— Может, и виноват… Надо было нам вместе быть, тогда, может быть, ничего бы и не случилось.
— Да, но у тебя Белла, — сорвалось у нее с языка.
— Брось, это всего лишь казус.
— Мимолетное виденье, очередной эксперимент.
Казалось бы, какое дело ей до Беллы. Ведь ясно же, что ничего серьезного с ней у Никиты быть не может. Да и ситуация совсем не та, чтобы упрекать его в чем-то: сама по уши в грязи. Но ревность колола и душу, и язык.
— С ней эксперимент, я так понимаю, удался? — и сама она кололась, как верблюжья колючка.

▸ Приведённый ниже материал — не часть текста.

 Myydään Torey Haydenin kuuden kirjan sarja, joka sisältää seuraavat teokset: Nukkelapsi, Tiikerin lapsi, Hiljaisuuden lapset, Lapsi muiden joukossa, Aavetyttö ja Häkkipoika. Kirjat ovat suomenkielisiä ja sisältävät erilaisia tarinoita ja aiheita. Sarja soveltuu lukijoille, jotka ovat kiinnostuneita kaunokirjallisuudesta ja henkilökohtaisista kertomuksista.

Но и Никита смотрел на нее, как тот верблюд на эту самую колючку, желая немедленно полакомиться ею. Евгения чувствовала, как загорелась ее кровь. Нет, она не страдала нимфоманией и могла обходиться без мужчины сколь угодно долго, а после случившегося так и вовсе презирала секс. Но Никита другое дело, он возбуждал воображение. Он был человеком-праздником, после общения с которым хотелось более шумного веселья, самой настоящей вакханалии. А сейчас она особенно нуждалась в карнавальных эмоциях и сильных, но чертовски приятных потрясениях. И только с ним, и только от него…
— Эксперимент? — озадаченно протянул он.
— А разве нет?.. Разве со мной ты не экспериментировал?

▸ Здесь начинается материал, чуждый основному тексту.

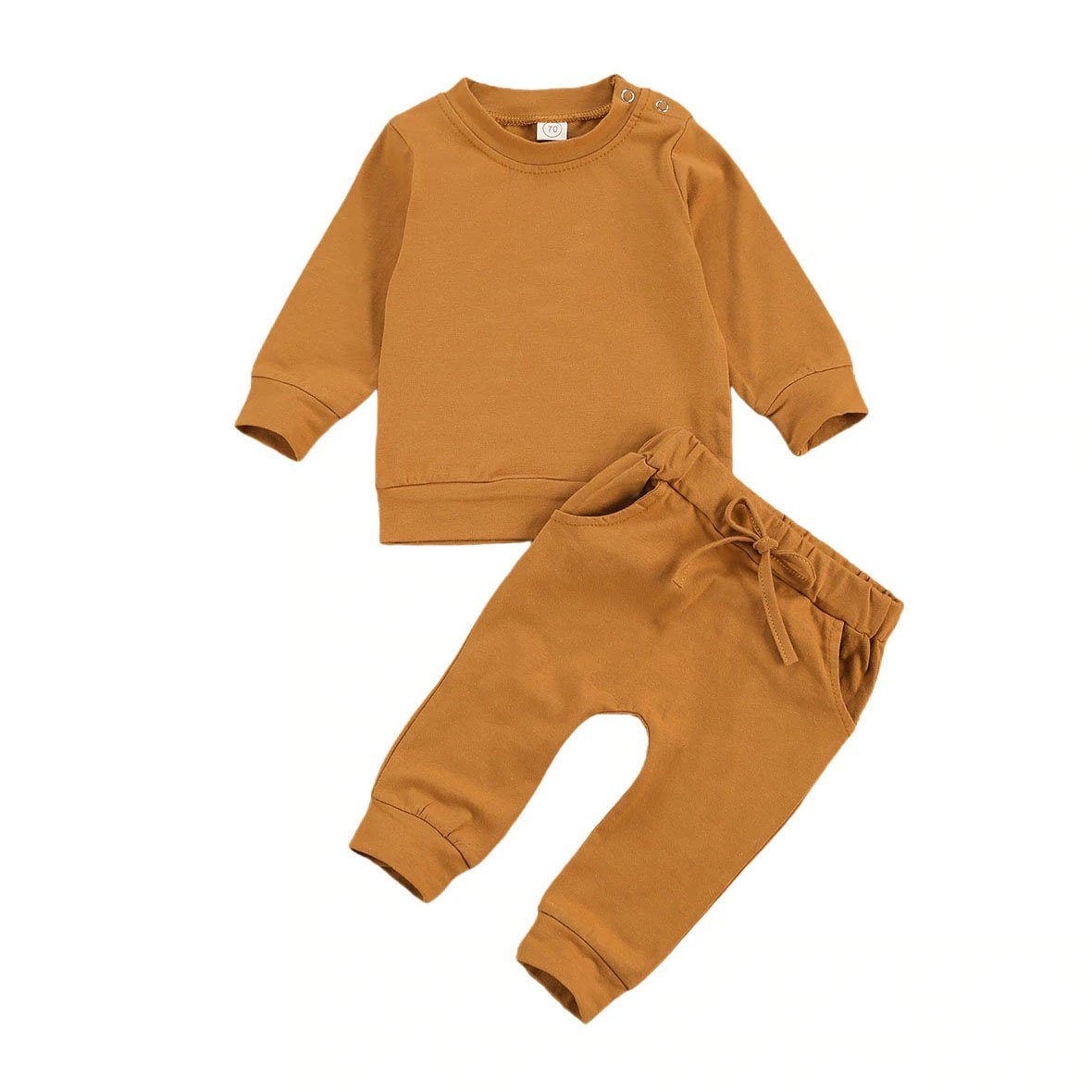 This adorable baby boy outfit features a solid sweatshirt and matching pants that are comfortable, stylish, and perfect for any occasion. The sweatshirt is made from soft and cozy material that will keep your little one warm and comfortable, while the matching pants feature an elastic waistband that makes them easy to put on and take off. The solid color of both the sweatshirt and pants makes them easy to mix and match with other items in your baby's wardrobe.

Никогда не забыть, как хорошо ей было, когда он затягивал ее в свои философские сети. Столь же сильным было и разочарование, когда он остановился. Но сейчас она готова была простить ему все… Уже все простила…
— Понимаешь, в чем дело, — замялся он. — Тогда действительно был небольшой эксперимент…
— Ты добился своего.
— Да, но… Ты знаешь, что говорит на этот счет моя Катька?
— Что?
— Она сказала, что с тобой все равно что с ней, с родной сестрой. Переспать с тобой все равно что с ней… Но с ней-то я переспать не могу. Да и не хочу, само собой…
— А со мной?
— С тобой хочу. Очень… Ни с кем не хочу, как с тобой… Да и что это вообще за слово такое «хочу»? Мелко, низко… Я люблю тебя… Люблю, как свою родную сестру… То есть, я хотел сказать, что люблю очень, но совсем не как сестру… В общем, я тебя люблю…
— Тогда молчи и слушай, что скажу тебе я…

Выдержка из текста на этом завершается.